● EXERCISE DIRECTIONS
When you reach the line that contains "Stell dir vor, du" in the data below, start reproducing lines exactly, and stop after the line that contains "令G = (I,E)表示一个有向无环图(DAG),其中I代表图形中所有的节点的集合,而E代表有向连接线段的集合,且令X".

● THE DATA
+++
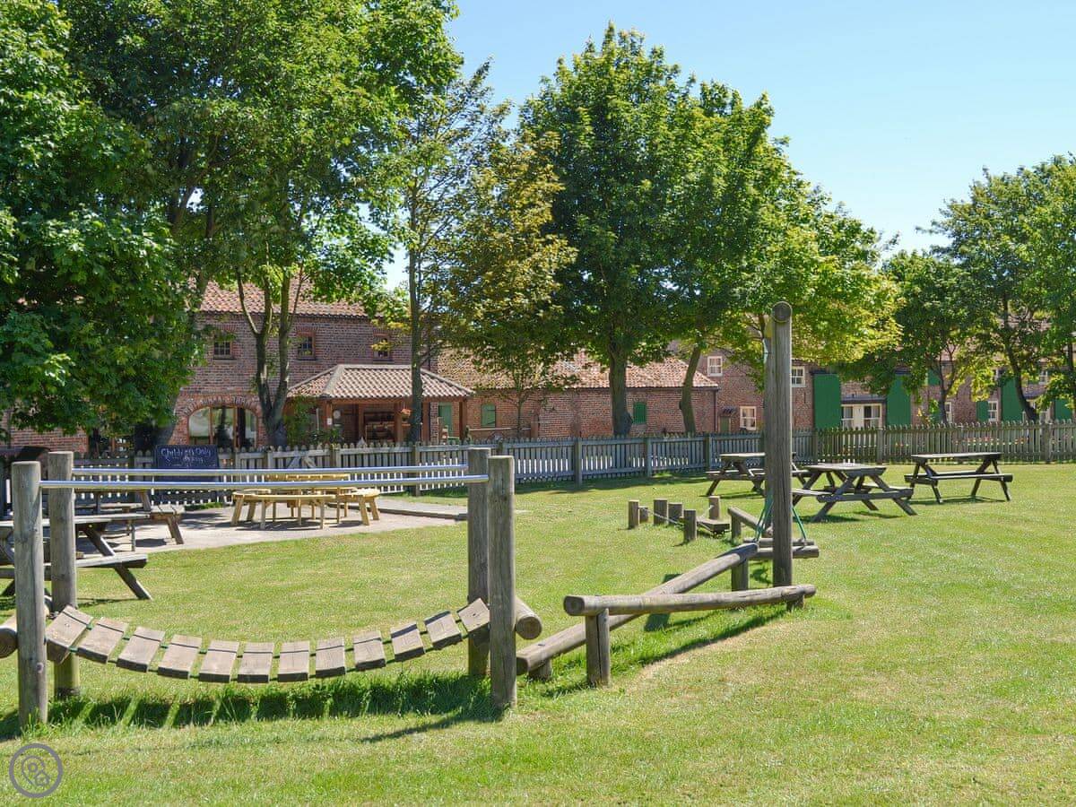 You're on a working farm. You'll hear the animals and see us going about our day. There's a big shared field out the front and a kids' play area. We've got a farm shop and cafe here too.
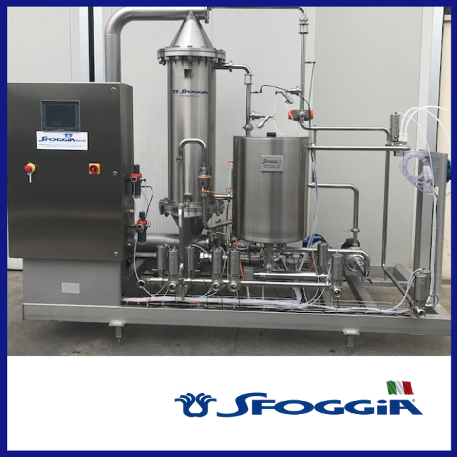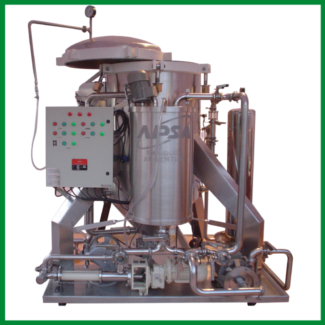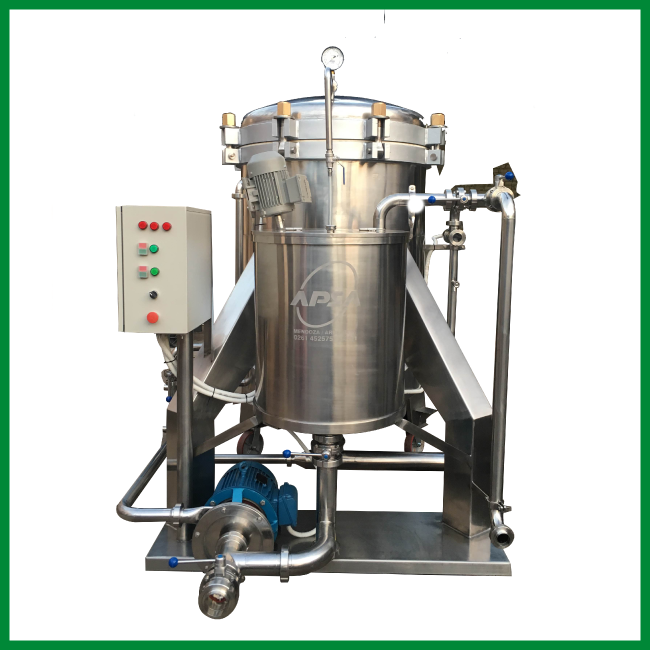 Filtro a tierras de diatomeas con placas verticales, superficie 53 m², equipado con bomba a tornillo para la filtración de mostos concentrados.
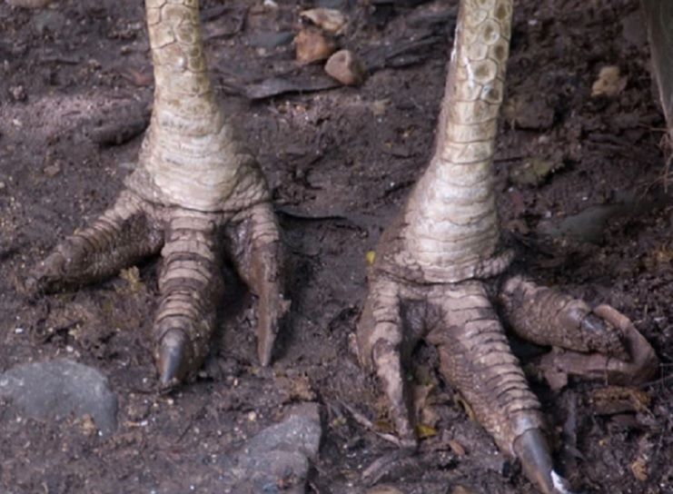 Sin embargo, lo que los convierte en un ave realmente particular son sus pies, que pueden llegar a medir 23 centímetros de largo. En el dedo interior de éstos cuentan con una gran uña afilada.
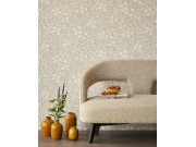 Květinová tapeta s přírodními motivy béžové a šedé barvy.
+++
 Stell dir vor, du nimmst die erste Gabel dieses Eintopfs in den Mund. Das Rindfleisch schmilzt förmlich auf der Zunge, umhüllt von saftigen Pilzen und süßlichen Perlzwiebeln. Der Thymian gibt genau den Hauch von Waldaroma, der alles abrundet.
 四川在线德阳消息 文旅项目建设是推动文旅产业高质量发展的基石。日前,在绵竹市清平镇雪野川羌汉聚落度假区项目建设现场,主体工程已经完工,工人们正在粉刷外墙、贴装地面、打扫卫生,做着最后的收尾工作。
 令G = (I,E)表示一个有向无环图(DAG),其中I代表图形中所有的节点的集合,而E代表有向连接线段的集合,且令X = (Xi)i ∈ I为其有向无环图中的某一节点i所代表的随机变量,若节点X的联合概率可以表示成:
+++
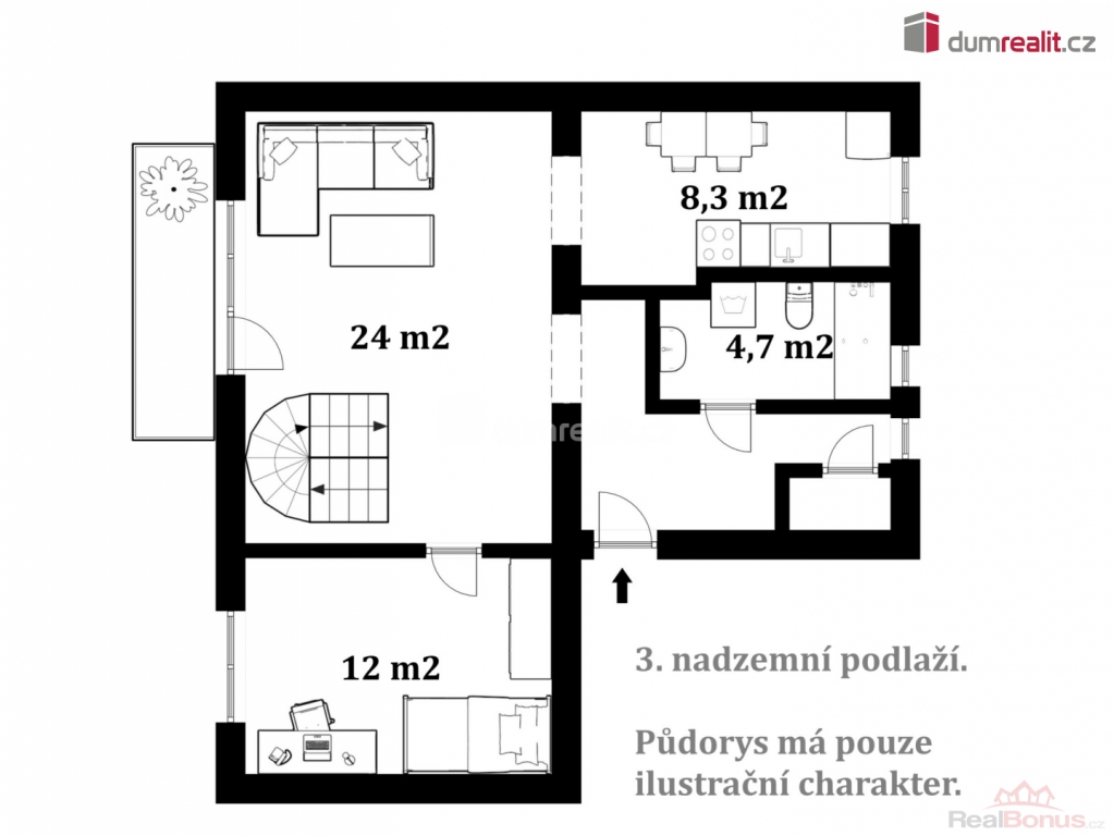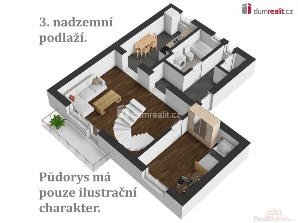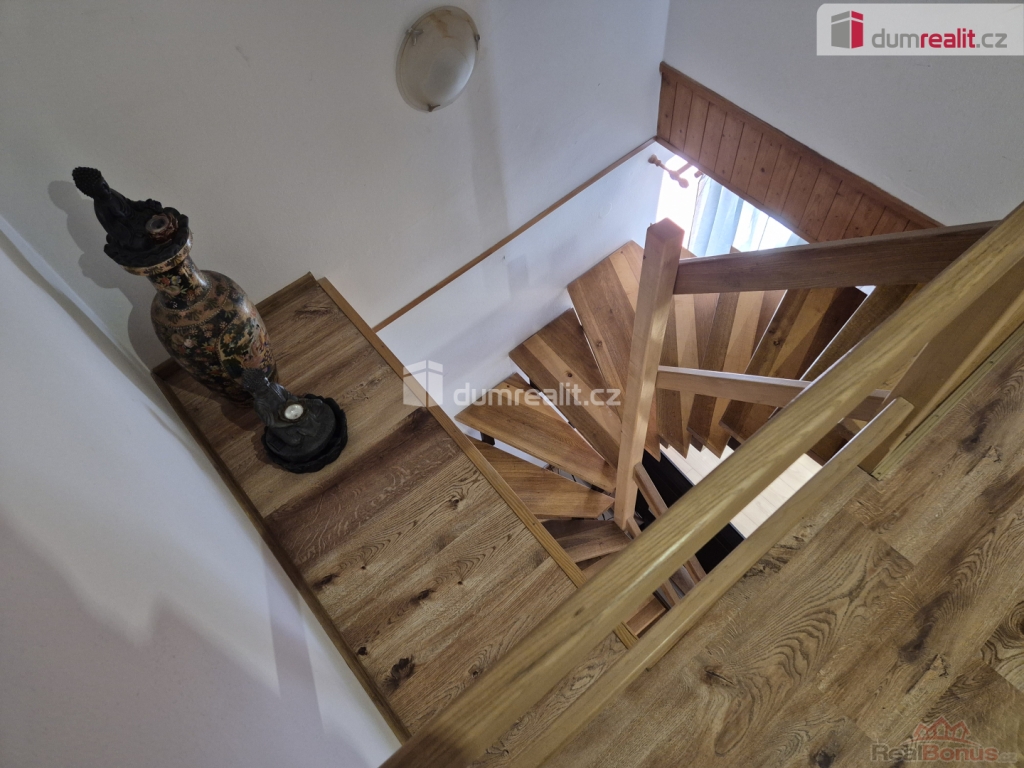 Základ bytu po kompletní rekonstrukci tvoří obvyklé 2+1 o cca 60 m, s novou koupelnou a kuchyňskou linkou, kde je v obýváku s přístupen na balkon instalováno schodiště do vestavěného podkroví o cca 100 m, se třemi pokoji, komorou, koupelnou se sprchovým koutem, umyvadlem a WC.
+++
● SOLUTION TO THE PROBLEM
 Stell dir vor, du nimmst die erste Gabel dieses Eintopfs in den Mund. Das Rindfleisch schmilzt förmlich auf der Zunge, umhüllt von saftigen Pilzen und süßlichen Perlzwiebeln. Der Thymian gibt genau den Hauch von Waldaroma, der alles abrundet.
 四川在线德阳消息 文旅项目建设是推动文旅产业高质量发展的基石。日前,在绵竹市清平镇雪野川羌汉聚落度假区项目建设现场,主体工程已经完工,工人们正在粉刷外墙、贴装地面、打扫卫生,做着最后的收尾工作。
 令G = (I,E)表示一个有向无环图(DAG),其中I代表图形中所有的节点的集合,而E代表有向连接线段的集合,且令X = (Xi)i ∈ I为其有向无环图中的某一节点i所代表的随机变量,若节点X的联合概率可以表示成:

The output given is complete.